Three of the five restaurants that failed health inspections in June were temporarily closed over multiple repeat violations and failures.
One restaurant, Main St. Wingery II in Mahomet, had 18 repeat violations that helped net it a score of -20 on its June 18 health inspection.
Another restaurant, Cravings, 603 S. Wright St., Champaign, failed five out of its last seven routine health inspections prompting health officials to shut it down until the restaurant passed reinspection eight days later.
Restaurants fail if they score 35 or below. If they score below zero they are automatically closed down. Restaurants with a failing score upon reinspection are also closed down.
For the past five years, Champaign-Urbana Public Health District officials have worked on a plan to make health inspection results more public. In 2011, CU-CitizenAccess began posting failed health inspection reports on its website.
Last year, the public health district began posting a monthly list of all the food establishments inspected and the status of the inspection on its website.
Health officials are now moving forward with a plan to require restaurant owners, as well as other food establishment owners, to publicly post a color-coded placard based on the results of health inspections. The plan is still under draft and will be reviewed by the joint boards of health once completed.
Main St. Wingery II, 101 N. Lombard, Mahomet, failed its health inspection in May with a score of 21.
On a follow up inspection on June 18, inspectors found seven critical violations that included a large amount of flies in the kitchen around the dish machine and cookline.
But it was the 18 repeat violations that shoved the score to -20.
Inspectors closed the restaurant down.
During the subsequent reinspection the very next day, health officials found sliced cheese that was molded – a new critical violation.
The new score was 6 and the restaurant remained closed.
On June 20, inspectors passed the restaurant with an 84 and it was allowed to reopen.
Cravings, 603 S. Wright St., Champaign, was temporarily closed after it failed its fifth health inspection of the past seven routine inspections.

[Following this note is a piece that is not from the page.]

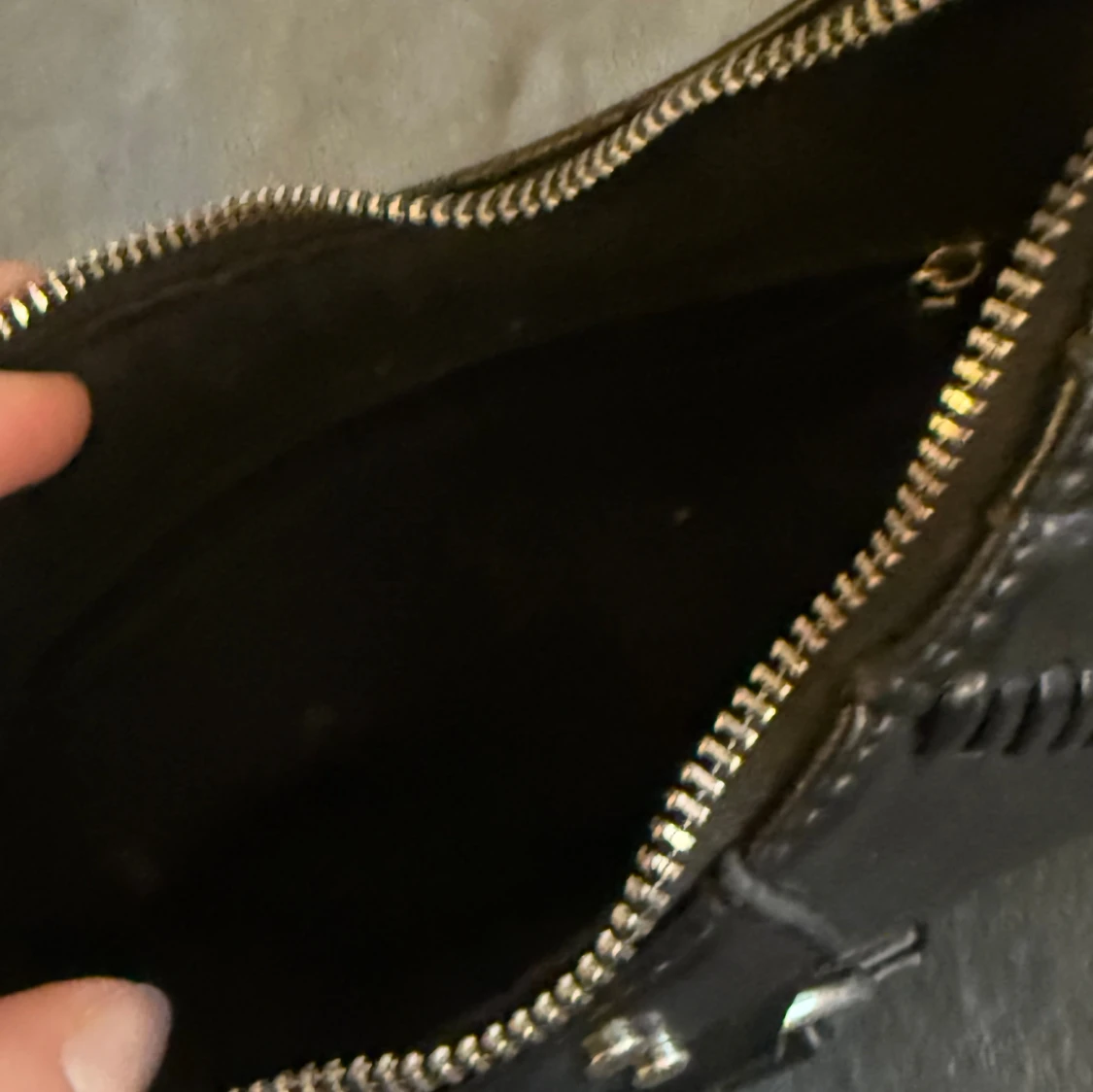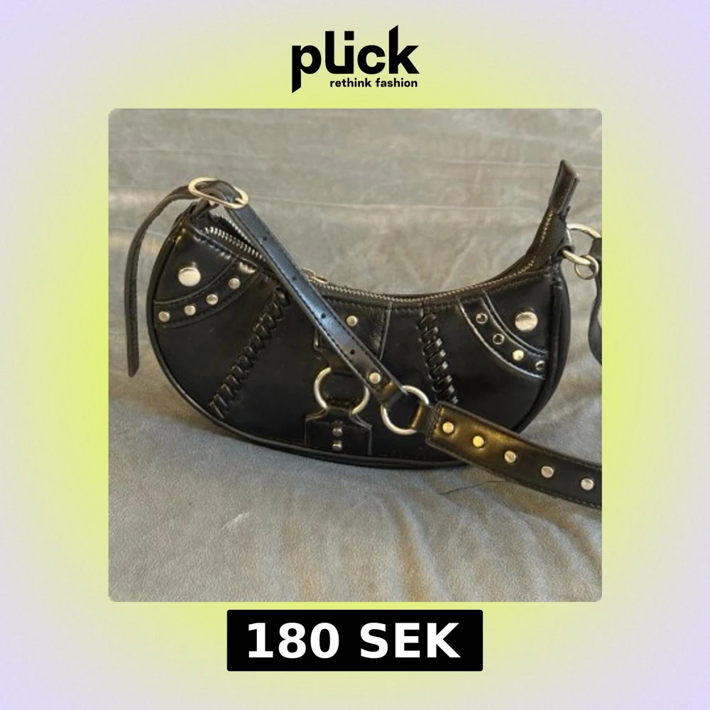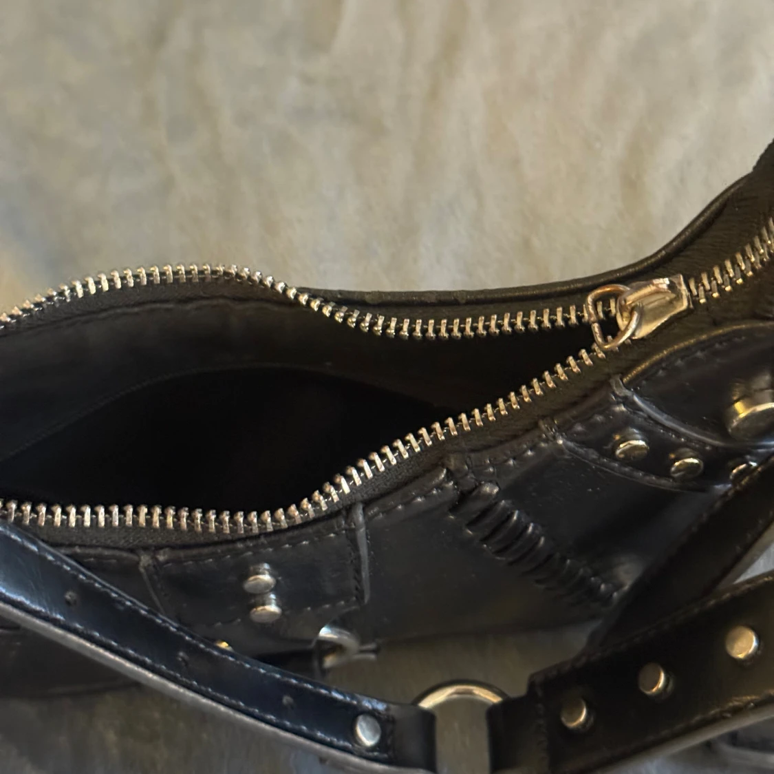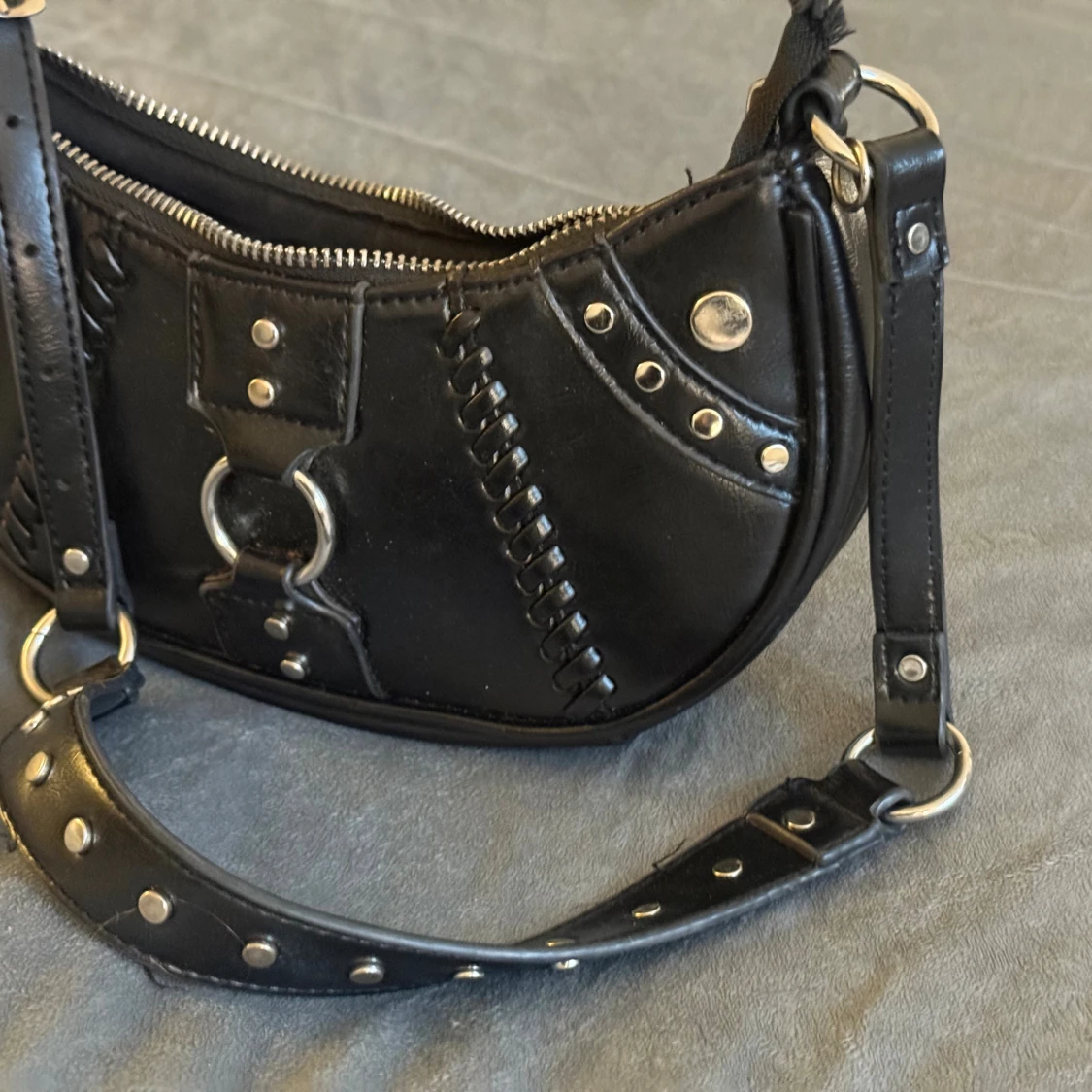 Cool svart axelväska i skinn med silvriga nitar, ringdetaljer och dekorativa sömmar. Väskan har en böjd form, justerbart axelband och dragkedja upptill. Perfekt för dig som gillar edgy och unik stil. Dragkedjan funkar👍🏼
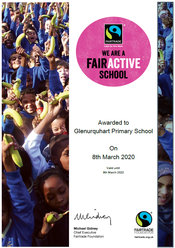 We received our Fair Trade Active Award today following all the work over the previous year, activities in Fair Trade Fortnight and partnership with Scotmid. Another excellent achievement for the school.

During its June 17 inspection, officials found six critical violations and three repeat violations, including cooked and cooled foods, such as chicken and tofu. The restaurant is not allowed to cook and cool foods.
The restaurant was closed for eight days. Inspectors reopened the restaurant after it scored a 75 on its reinspection.
Hardee’s, 1703 S. Neil St., Champaign, failed its reinspection with a score of 26 following a routine inspection in May.
The restaurant was first inspected in May and failed that inspection with a score of 15.
During a reinspection on June 20, inspectors cited Hardee’s for 10 repeat violations and four critical violations, including a “large amount of flies were found in areas through the facility.” It scored 26.
Because it failed its reinspection, health officials closed the restaurant down. The restaurant scored a 97 on a reinspection the very next day and allowed to reopen.
Two restaurants – Peking Garden, 206 N. Randolph, Champaign, and Mandarin Wok, 403 1/2 Green St., Champaign – failed health inspections in June but were allowed to remain open.
Peking Garden netted a score of 12 during an inspection on June 3 for five critical violations and 12 repeat violations.
Critical violations included a sink used to thaw meat and then an employee who was observed washing and rinsing a tray in the same sink without sanitizing it.
Mandarin Wok netted a score of 33 on its June 5 health inspection for five critical violations and five repeat violations.
The critical violations included “rodent droppings and yellow stains in the “light shield above the walk-in cooler” and potentially hazardous foods out of safe temperature ranges.
Both restaurants are set for a reinspection within 30 days.
About this story:
For the past five years, Champaign Urbana Public Health District officials have discussed ways to best publicize restaurant inspections.
Health inspection reports of restaurants and food facilities are available by request from the health department. In June 2012, the health department also began posting a monthly list of all inspected food facilities and the current status.
In 2011, CU-CitizenAccess.org began posting full inspection reports of all restaurants that failed routine health inspections since 2008.
As a service, we continue to post the full reports of failed health inspections as part of our searchable, interactive map.
On the health department’s new online report system restaurant health permits labeled “general compliance” have received a passing 36 percent or higher. Restaurant health permits labeled “re-inspection” received scores below 36. Restaurant health permits labeled “suspended” were automatically shut down for scores below 0. Restaurant health permits labeled “inactive” means that the restaurant owner voluntarily closed down the restaurant.